There are two ways to formulate this question: 1. What is the probability of seeing a given k-mer with certain nucleotide probabilities (this is more like a hidden markov model but in a site-directed manner) and 2. What is the frequency of seeing a given k-mer in a bag of k-mers, and is that frequency higher or lower than it should be by a null hypothesis? I believe you want to examine #2, not #1.
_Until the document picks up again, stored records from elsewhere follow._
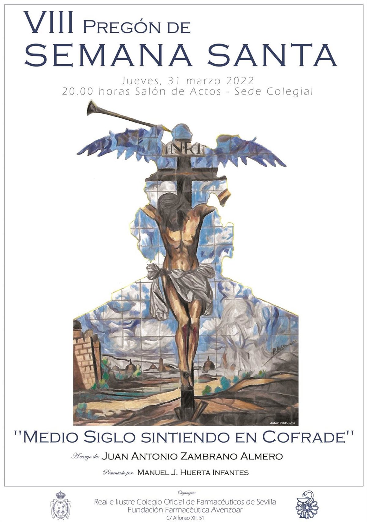 Cartel del VIII Pregón de la Semana Santa organizado por el Colegio de Farmacéuticos de Sevilla. - COLEGIO DE FARMACEUTICOS DE SEVILLA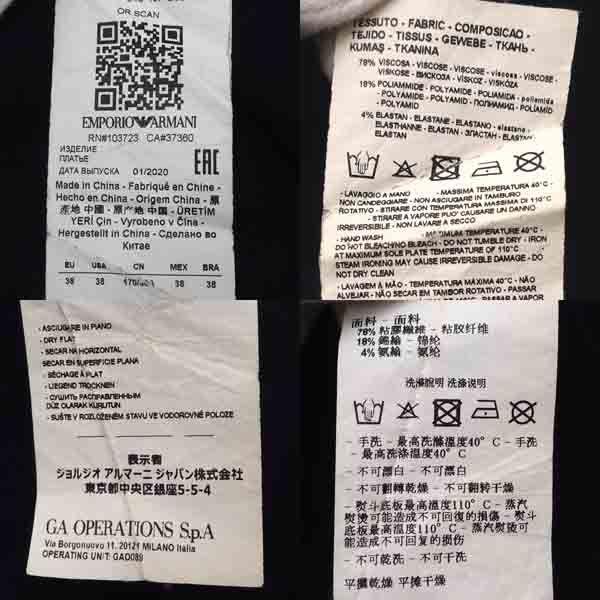 ・メーカー :EMPORIO ARMANI / エンポリオアルマーニ・製品型番 :6H2AT2 2M18Z・サイズ :表記サイズ:38,肩幅 (約cm):30,身幅 (約cm):29,着丈 (約cm):86,袖丈 (約cm):17,・色(柄)の系統:ブラック・デザイン :(レディース)ボトムス/ワンピース・素材 :ビスコース78% ポリアミド18% エラスタン4%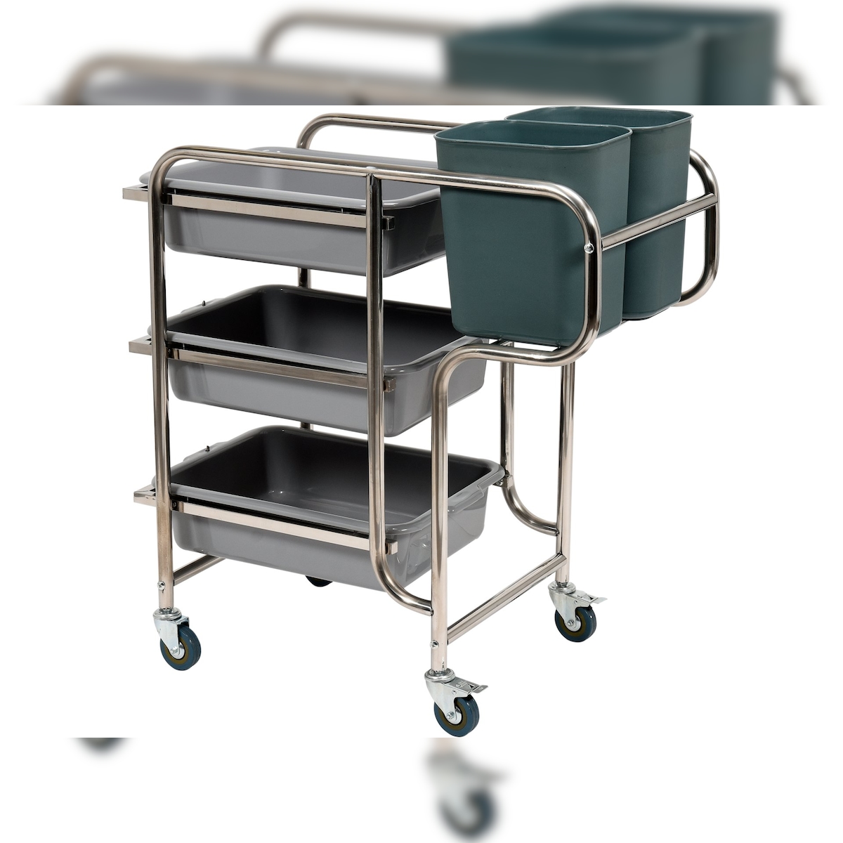 TRIZERATOP Servicewagen, Küchenwagen, Abräumwagen 3 Böden, 5 Behälter 870x435x905mm Edelstahl/PP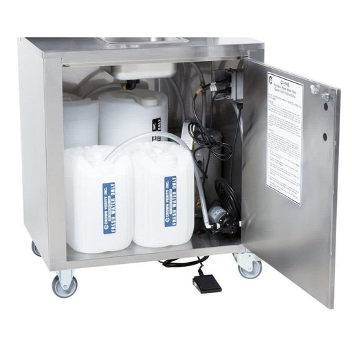 Three 12"L x 6"W x 5"D sink basins Faucet, soap and towel dispensers included Removable fresh and wastewater tanks included (2 each) City water an...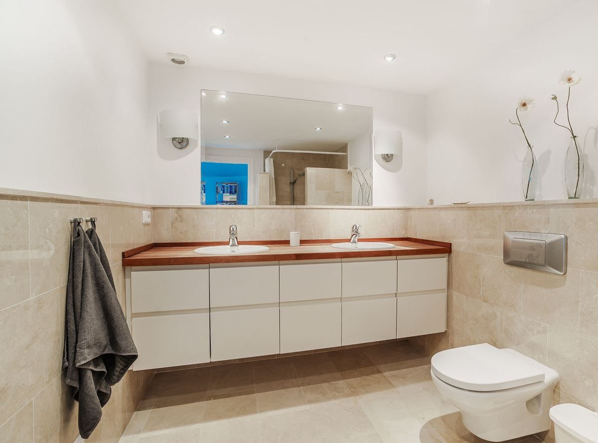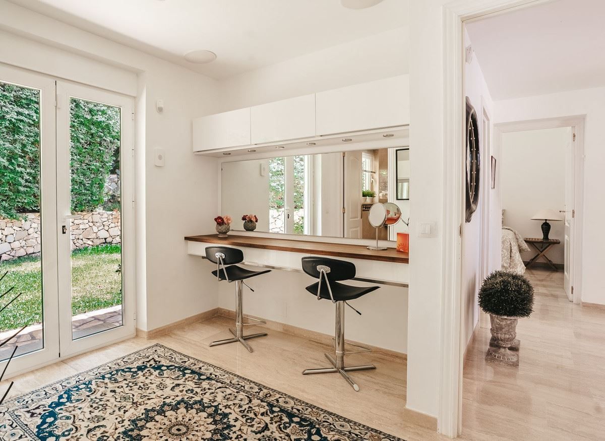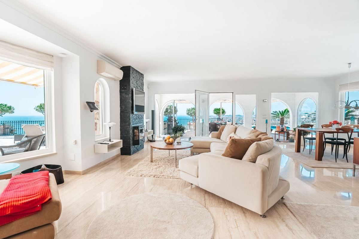 Invändigt möts du av en öppen planlösning med stilfullt designkök, ljust vardagsrum med öppen spis, Bang & Olufsen-ljudsystem och sömlös access till soliga terrasser. Utomhusområdet bjuder på en stor oval pool, jacuzzi och flera loungeytor – perfekt för avkoppling eller sociala tillställningar.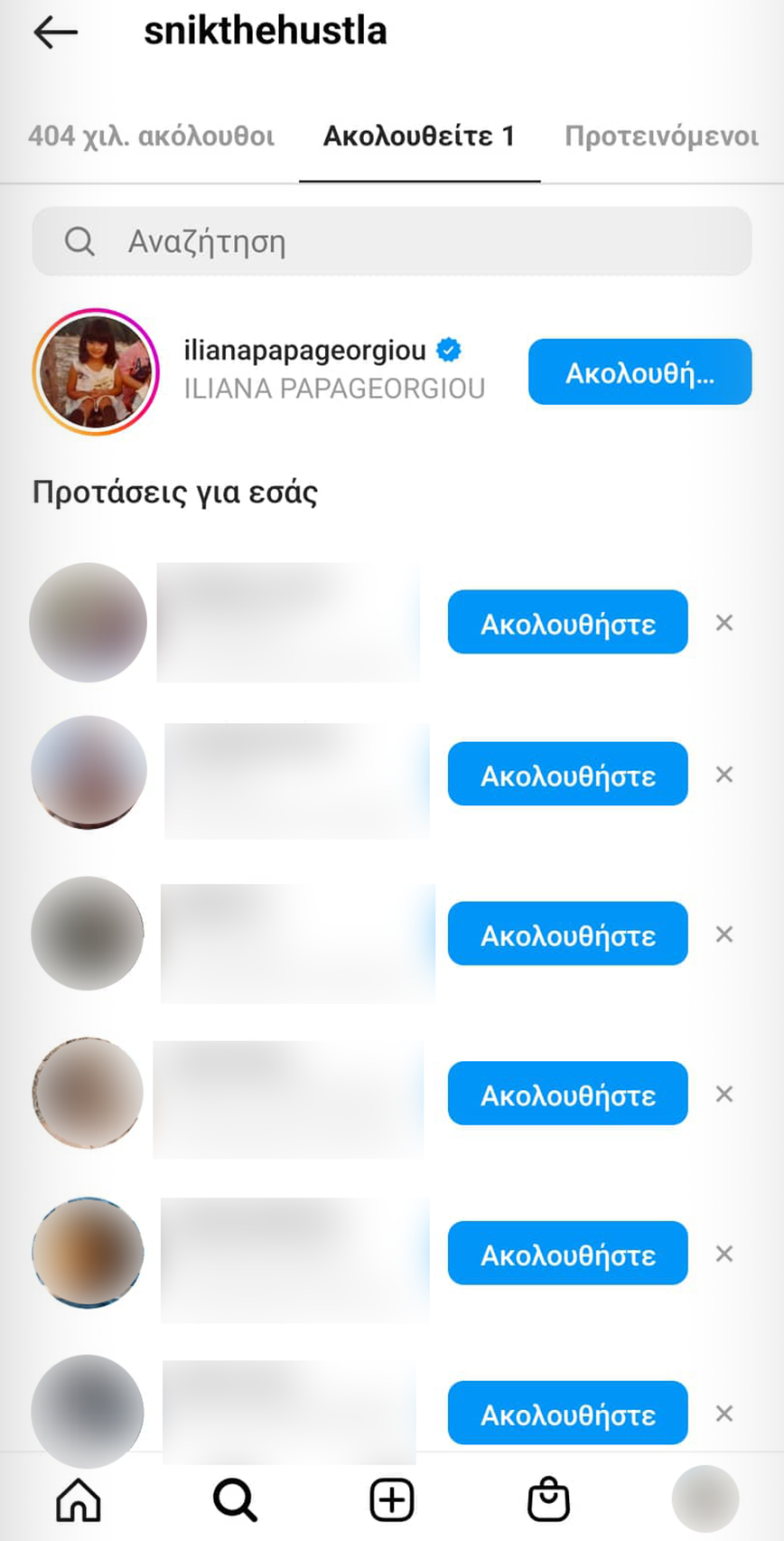 Αν και δεν ακολουθεί την πρώην σύντροφό του, ο τράπερ φαίνεται πως ακολούθησε εκ νέου το προφίλ της Ηλιάνας Παπαγεωργίου, με την οποία υπήρξαν ζευγάρι. Μάλιστα, ο λογαριασμός του μοντέλου είναι ο μοναδικός που ακολουθεί στο Instagram ο Snik.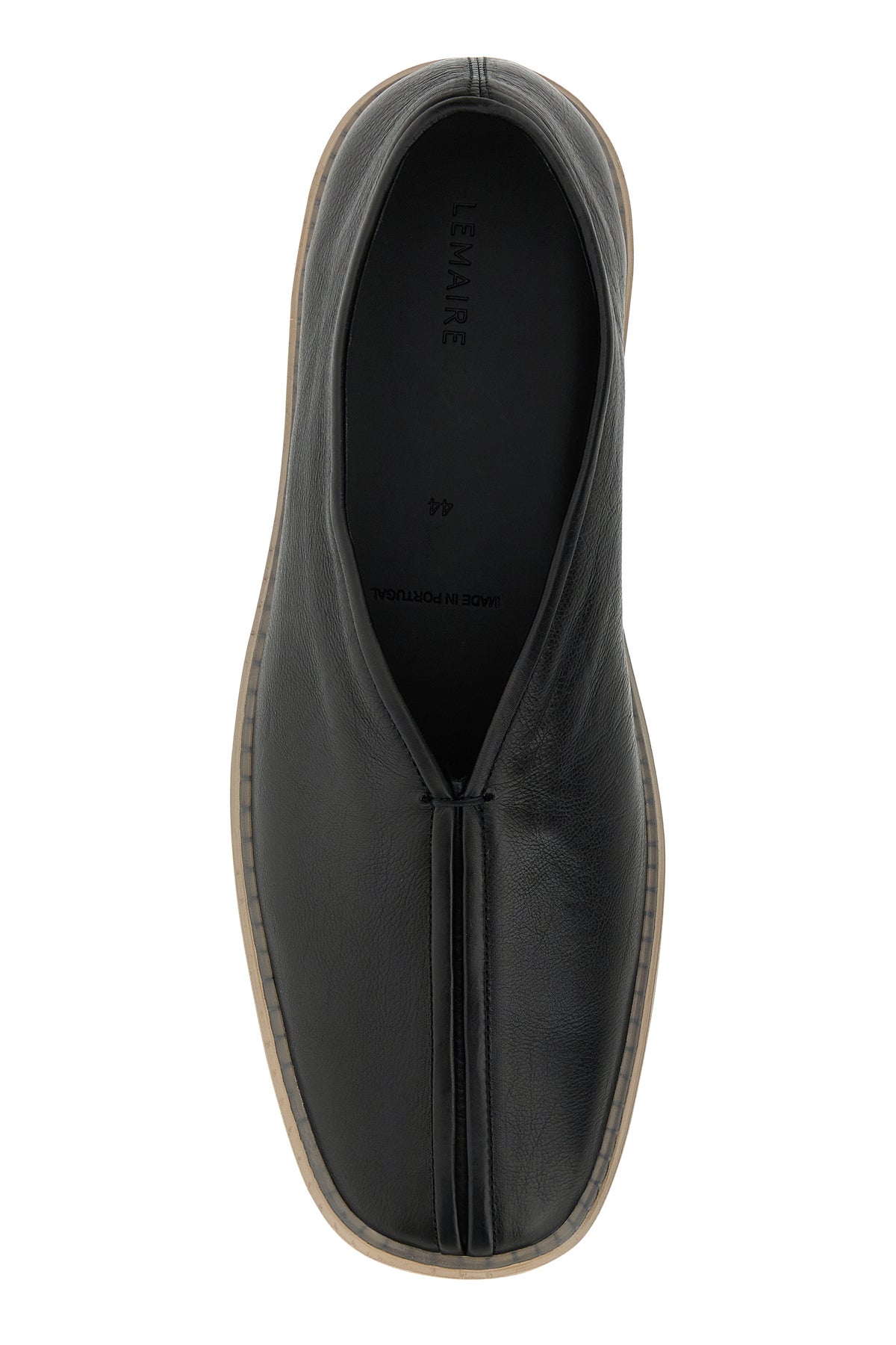 Slip ons realized in pebble bovine leather.

Think of it as a bag of words problem where you have a bag of k-mers (total # of 7-mers examined in your chromosome) and a draw of a single k-mer is considered a success if it matches the one you want. We can compute the null hypothesis (probability of seeing a 7-mer with equally likely nucleotide choices) as (1 / 4)^k, so in your case, this is:

P_null = 0.25^7 = 0.000061035

Now, going back to your bag of k-mers, you have observed each of these 7-mers a given number of times. To compute probability based on observations, a total number of words, and the probability of the null, we use the exact binomial test:

for( kmer in all_posible_kmers ) {
    kmer_results <- binom.test(x = num_observations[kmer],
                               n = total_num_kmers,
                               p = 0.000061035,
                               alternative = 'two.sided')
    kmer_pvalue <- kmer_results$p.value
}

x is the number of observations in your data for that given kmer, n is the total number of words (number of trials), and p is the null p. You'll have to construct the loop to iterate over all kmer counts of interest. You want to consider a two-sided test, since you're interested in higher or lower than the null.